Mereka datang tidak hanya memperingati haul Syaikhona Muhammad Kholil. Namun, juga memperingati 40 hari wafatnya almarhumah Nyai Muthmainnah.
Ketua Umum Ponpes Putri dan Ketua I Pondok Putra Ponpes Syaichona Moh. Cholil Muhammad Ismail Al Ascholy menjelaskan, malam haul Syaikhona Muhammad Kholil diisi dengan tahlil dan peluncuran kitab.
Konsep ini sama dengan haul tahun lalu yang meluncurkan kitab karya Syaikhona Kholil.
Kitab Basatinul Imdaad Wal Is’aad Min Mukhtarati Risalati Sayyidi Syaikh Ahmad bin Sa’duddin Al Murad atau Basatinul Imdad Wal Is’ad diluncurkan tepat malam 40 hari meninggalnya Nyai Muthmainnah.
Kitab tersebut memang diperuntukkan almarhumah sebagai bentuk amanah bagi Lora Ismail Al Ascholy.
”Hasil musyawarah para panitia malam itu juga ada pemutaran video Nyai Muth untuk mengenang almarhumah semasa hidupnya,” tambahnya.
Sebelum launching kitab, kegiatan dimulai dengan pembacaan Salawat Ali Al Habsyi. Kemudian dilanjutkan dengan tahlil dan pemutaran video almarhumah Nyai Muthmainnah.
Kegiatan malam haul dihadiri Syekh Syadzi Arbasy dari Syiria. Hadir pula Rais Aam PBNU KH Miftachul Akhyar dan KH Abdul Ghafur Maimoen Zubair.
Ceramah diisi Syekh Syadzi Arbasy. Kemudian diakhiri peluncuran kitab Basatinul Imdad. Kitab yang berisi kumpulan doa Asy Syaikh Ahmad Amin untuk Nyai Muthmainnah.
Syekh Amin merestui peluncuran kitab tersebut. Bahkan memberikan ijazah dan kata pengatar.
”Iya beliau telah mendoakan, memberi ijazah, dan memberi izin untuk siapa pun yang membaca kitab ini,” ucapnya.
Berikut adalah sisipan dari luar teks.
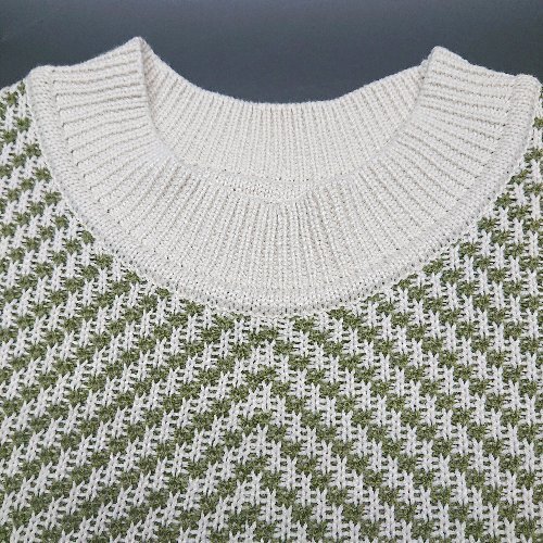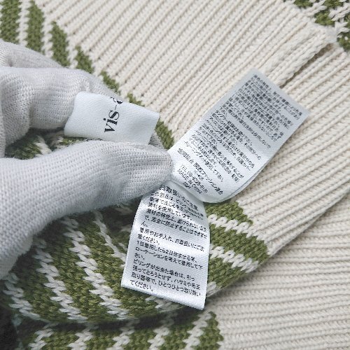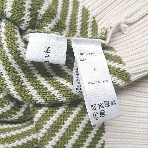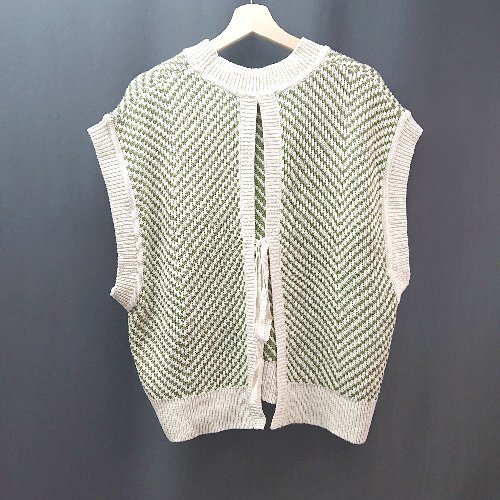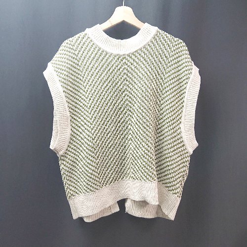 ◇ vis-?-vis ビザビ モックネック 総柄 ケーブル リボン ノースリーブ ニット サイズF グリーン ベージュ レディース E

Menurut Lora Ismail Al Ascholy, kitab tersebut merupakan persembahan atas permintaan terakhir Nyai Muthmainnah. Baginya, sosok ibunya begitu sederhana, tetapi istimewa.
Sebab, dari ibunya Lora Ismail belajar kesederhanaan dan menanamkan jiwa karakter pada anak untuk terus rendah hati.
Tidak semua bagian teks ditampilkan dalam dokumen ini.